HOW TO COMPLETE THIS TASK: Print the data below exactly as it stands, and keep the pictures out.

Records drawn from a dataset
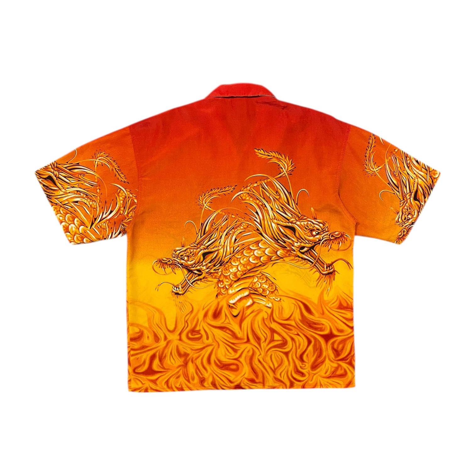 Infused with bold energy, this BAM Dragon & Fire graphic button-up T-shirt makes a striking statement with its vibrant mythical design. The relaxed fit and button-up style merge streetwear cool with a touch of fantasy flair.
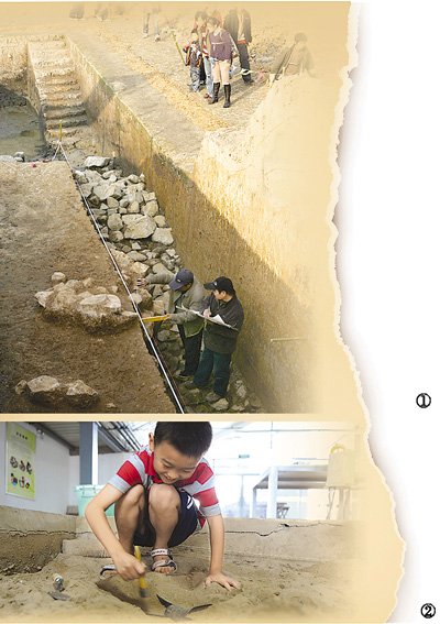 圖②:孩子在丹鳳門遺址博物館進行“考古挖掘”。
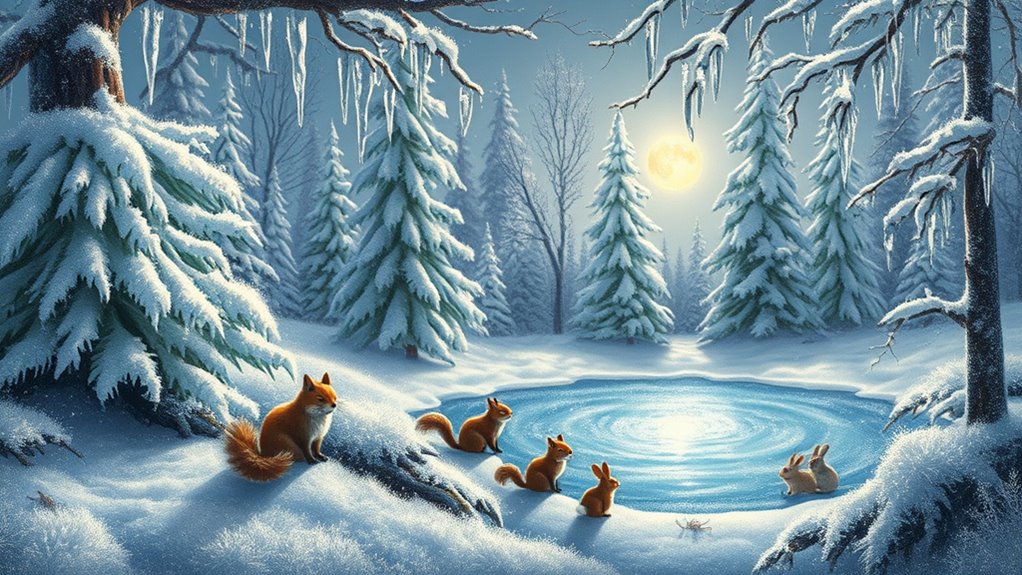 During cold winter nights, the forest friends stay warm by snuggling inside animal burrows and dens, where the temperature stays more stable. They also feast on winter berries, which provide energy and help maintain their warmth. These clever creatures huddle together, sharing body heat, and use thick fur or feathers to insulate themselves. This way, they survive the frosty nights comfortably, staying cozy until morning.
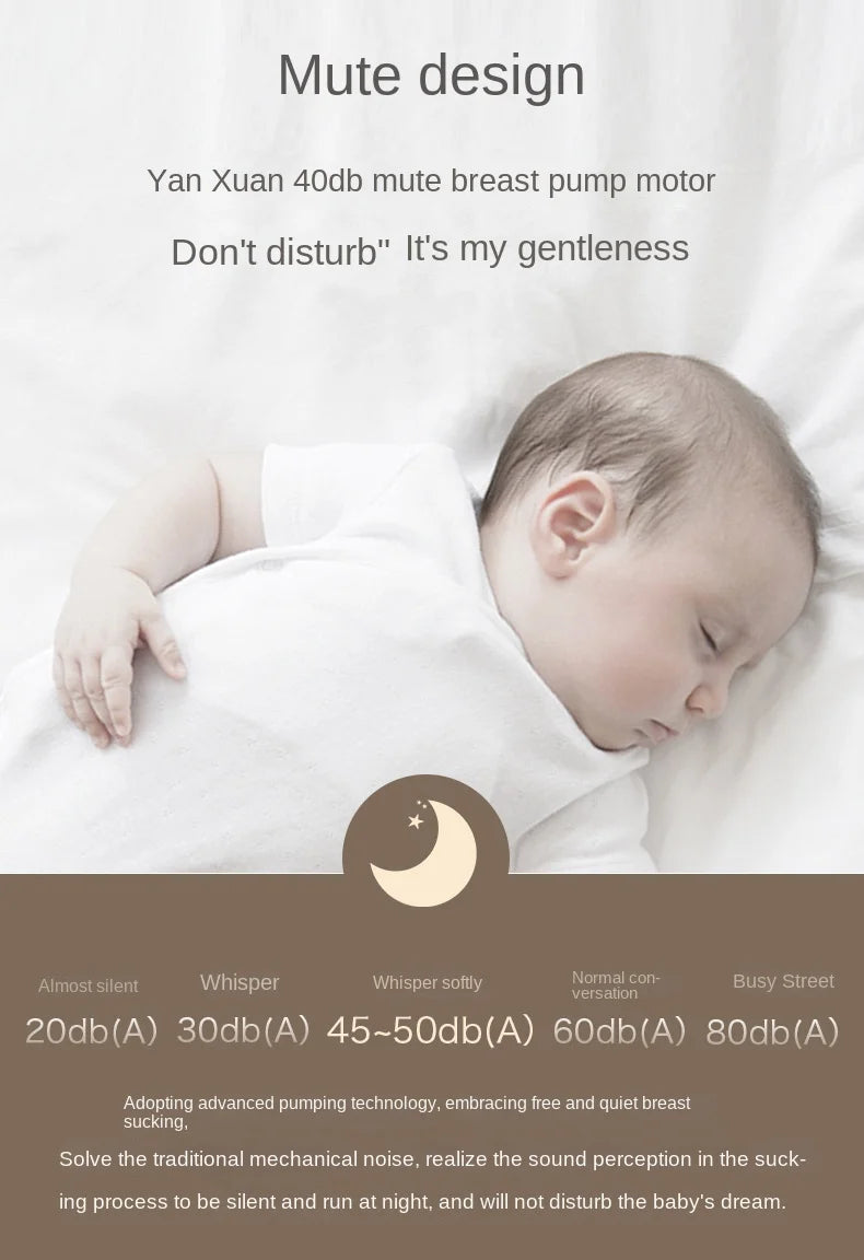 Faible bruitLe bruit de ce tire-lait électrique est inférieur à 40 dB lors de son utilisation et ne perturbera pas le sommeil du bébé. |
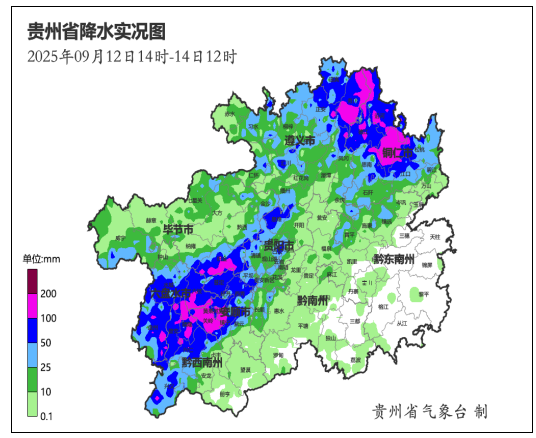 9月12日14时至14日12时,铜仁市的印江县峨岭街道峨岭村小穴累计雨量218.6毫米,六盘水市的六枝、盘州,安顺市的关岭、普定、西秀、镇宁,毕节市的织金,贵阳市的清镇,遵义市的务川、正安,铜仁市的印江、德江、思南、松桃、江口、沿河,黔西南州的兴义、兴仁、普安、晴隆、贞丰21县(市、区)域内的227个观测站累计降雨量100~199.9毫米之间,44县(市、区)域内的631个观测站累计降雨量在50~99.9毫米之间,643个观测站累计降雨量在25~49.9毫米之间。55个县(市、区)976站次出现短时强降水,小时雨强最大为晴隆县花贡镇花贡坪山81.4 毫米(出现在12日23时至13日00时)。
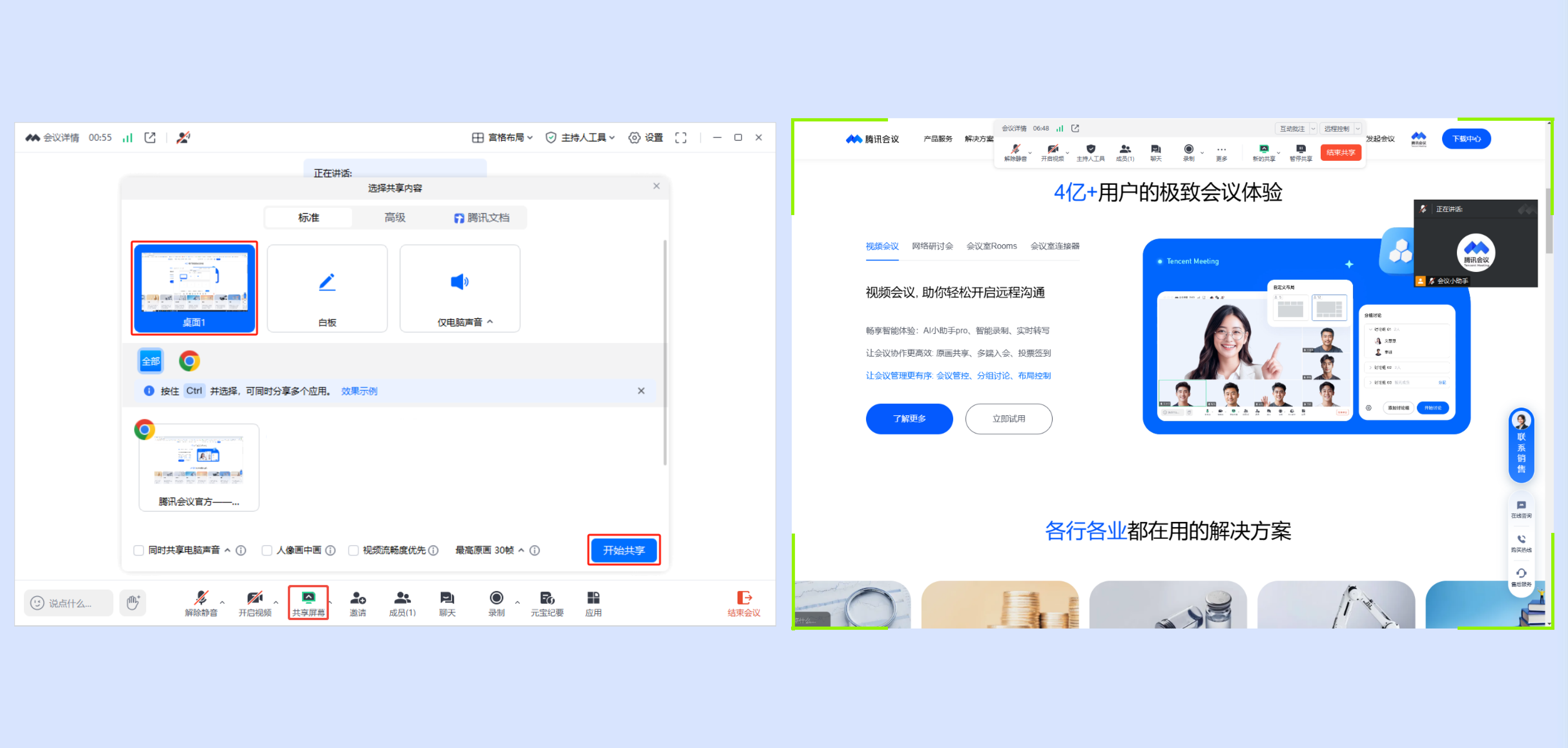 1. 会中单击底部工具栏共享屏幕,选择需要的共享内容,并单击开始共享,即可开启屏幕共享。

SOLUTION FOR THIS PROBLEM:
 Infused with bold energy, this BAM Dragon & Fire graphic button-up T-shirt makes a striking statement with its vibrant mythical design. The relaxed fit and button-up style merge streetwear cool with a touch of fantasy flair.
 圖②:孩子在丹鳳門遺址博物館進行“考古挖掘”。
 During cold winter nights, the forest friends stay warm by snuggling inside animal burrows and dens, where the temperature stays more stable. They also feast on winter berries, which provide energy and help maintain their warmth. These clever creatures huddle together, sharing body heat, and use thick fur or feathers to insulate themselves. This way, they survive the frosty nights comfortably, staying cozy until morning.
 Faible bruitLe bruit de ce tire-lait électrique est inférieur à 40 dB lors de son utilisation et ne perturbera pas le sommeil du bébé. |
 9月12日14时至14日12时,铜仁市的印江县峨岭街道峨岭村小穴累计雨量218.6毫米,六盘水市的六枝、盘州,安顺市的关岭、普定、西秀、镇宁,毕节市的织金,贵阳市的清镇,遵义市的务川、正安,铜仁市的印江、德江、思南、松桃、江口、沿河,黔西南州的兴义、兴仁、普安、晴隆、贞丰21县(市、区)域内的227个观测站累计降雨量100~199.9毫米之间,44县(市、区)域内的631个观测站累计降雨量在50~99.9毫米之间,643个观测站累计降雨量在25~49.9毫米之间。55个县(市、区)976站次出现短时强降水,小时雨强最大为晴隆县花贡镇花贡坪山81.4 毫米(出现在12日23时至13日00时)。
 1. 会中单击底部工具栏共享屏幕,选择需要的共享内容,并单击开始共享,即可开启屏幕共享。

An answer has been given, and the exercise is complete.